In February 2022, The Coca-Cola Company (NYSE:KO) raised its dividend for the 60th consecutive year. The company currently offers a quarterly dividend of $0.44 per share, with a yield of 2.81%, recorded on June 30. In June, Morgan Stanley reiterated its ‘Overweight’ rating on The Coca-Cola Company (NYSE:KO), with a $76 price target, which represents 25% upside. The firm appreciated the company’s strong pricing power and earnings growth.

During Q1 2022, Lee Munder Capital Group purchased 286,473 KO shares, worth over $17.7 million. The company represented 1.02% of the hedge fund’s portfolio.

At the end of Q1 2022, 64 hedge funds tracked by Insider Monkey owned stakes in The Coca-Cola Company (NYSE:KO), down from 70 in the previous quarter. These hedge funds have nearly $30 billion invested in the company.
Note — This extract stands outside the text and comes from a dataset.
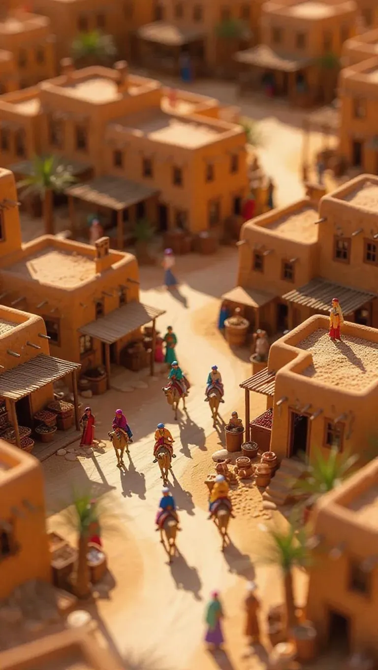 A miniature desert town with adobe houses, sandy streets, and a small plaza. Tiny people enjoying the sunshine, some riding camels, others shopping for spices. Warm, golden sunlight casts a vibrant glow, enhancing the lively and colorful atmosphere.

ClearBridge Investments mentioned The Coca-Cola Company (NYSE:KO) in its Q4 2021 investor letter. Here is what the firm had to say:

“Over the last year, we have repositioned our portfolio to navigate the course we see ahead. We added to more defensive areas of the portfolio like consumer staples (Coca-Cola). While the next month or two will likely prove choppy on account of the Omicron variant, we believe that Omicron, like Delta, represents a speed bump on the way to recovery rather than a true change in course. We see strong economic momentum continuing in 2022 and we expect interest rates to rise. After a decade of remarkably low rates, we would not be surprised if this change in direction is accompanied by some fits and starts in the markets. With our emphasis on pricing power, purposeful sector exposure, valuation discipline, and a strong dividend profile, we believe we are well-positioned for the year ahead.”